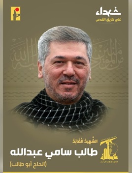 وقال "حزب الله" في بيام له: "بمزيد من الفخر والاعتزاز، تزف المقاومة الإسلامية الشهيد المجاهد القائد طالب سامي عبد الله "الحاج أبو طالب"، مواليد عام 1969 من بلدة عدشيت في جنوب لبنان، والذي ارتقى شهيدا على طريق القدس".
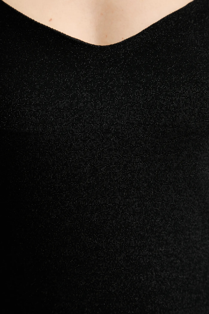 - Dopasowana góra i luźny dół. - Ozdobny, spiczasty dekolt. - Komfortowa, elastyczna listwa w pasie.
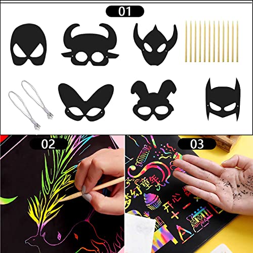 【Facile da usare】 i bambini devono solo usare i bastoncini di legno per raschiare il rivestimento nero sulla superficie graffiata e appariranno i colori dell'arcobaleno. Diversi maschere scratch art mostreranno colori diversi. È molto interessante.
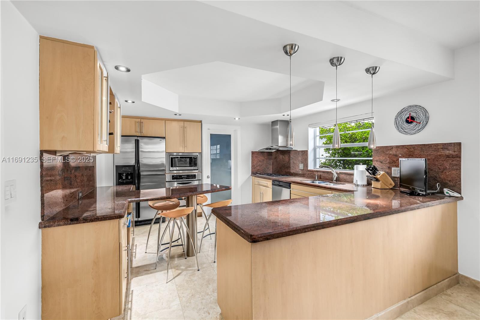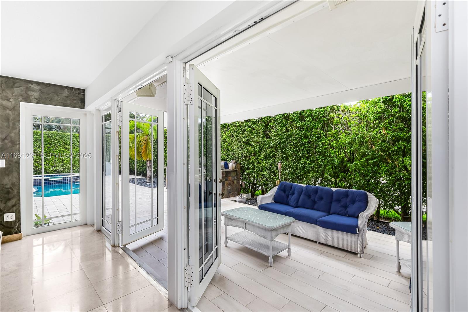 Exceptional corner home in Surfside, located just in front of multi-million-dollar waterfront estates and within walking distance to the beach. Set on a desirable oversized corner lot, this residence offers more space and privacy than typical neighborhood homes. The beautifully maintained and partially remodeled 3/2 features a bright Florida Room filled with natural light, plus a fully equipped kitchen with an open pass-through to the dining area. A thoughtful layout places all bedrooms and bathrooms in a private, separate wing for added tranquility. The spacious garage provides rare potential, with plumbing for a bathroom and laundry room and a separate side entry—ideal for converting into an office, guest suite, or extra bedroom. Outdoors, enjoy a sparkling pool, soothing Jacuzzi, summer kitchen, and a large covered terrace perfect for relaxing or entertaining. With a 2019 roof and quality upgrades throughout, this home combines comfort, style, and prime location. Strong appreciation, high rental demand, and limited inventory also make it an excellent investment with solid long-term ROI potential.

☆ ☆ ☆ ☆ ☆ ☆ ☆

**Work required**
For this exercise, return the material word for word and drop each image.

**Reply to the exercise**
 وقال "حزب الله" في بيام له: "بمزيد من الفخر والاعتزاز، تزف المقاومة الإسلامية الشهيد المجاهد القائد طالب سامي عبد الله "الحاج أبو طالب"، مواليد عام 1969 من بلدة عدشيت في جنوب لبنان، والذي ارتقى شهيدا على طريق القدس".
 - Dopasowana góra i luźny dół. - Ozdobny, spiczasty dekolt. - Komfortowa, elastyczna listwa w pasie.
 【Facile da usare】 i bambini devono solo usare i bastoncini di legno per raschiare il rivestimento nero sulla superficie graffiata e appariranno i colori dell'arcobaleno. Diversi maschere scratch art mostreranno colori diversi. È molto interessante.
 Exceptional corner home in Surfside, located just in front of multi-million-dollar waterfront estates and within walking distance to the beach. Set on a desirable oversized corner lot, this residence offers more space and privacy than typical neighborhood homes. The beautifully maintained and partially remodeled 3/2 features a bright Florida Room filled with natural light, plus a fully equipped kitchen with an open pass-through to the dining area. A thoughtful layout places all bedrooms and bathrooms in a private, separate wing for added tranquility. The spacious garage provides rare potential, with plumbing for a bathroom and laundry room and a separate side entry—ideal for converting into an office, guest suite, or extra bedroom. Outdoors, enjoy a sparkling pool, soothing Jacuzzi, summer kitchen, and a large covered terrace perfect for relaxing or entertaining. With a 2019 roof and quality upgrades throughout, this home combines comfort, style, and prime location. Strong appreciation, high rental demand, and limited inventory also make it an excellent investment with solid long-term ROI potential.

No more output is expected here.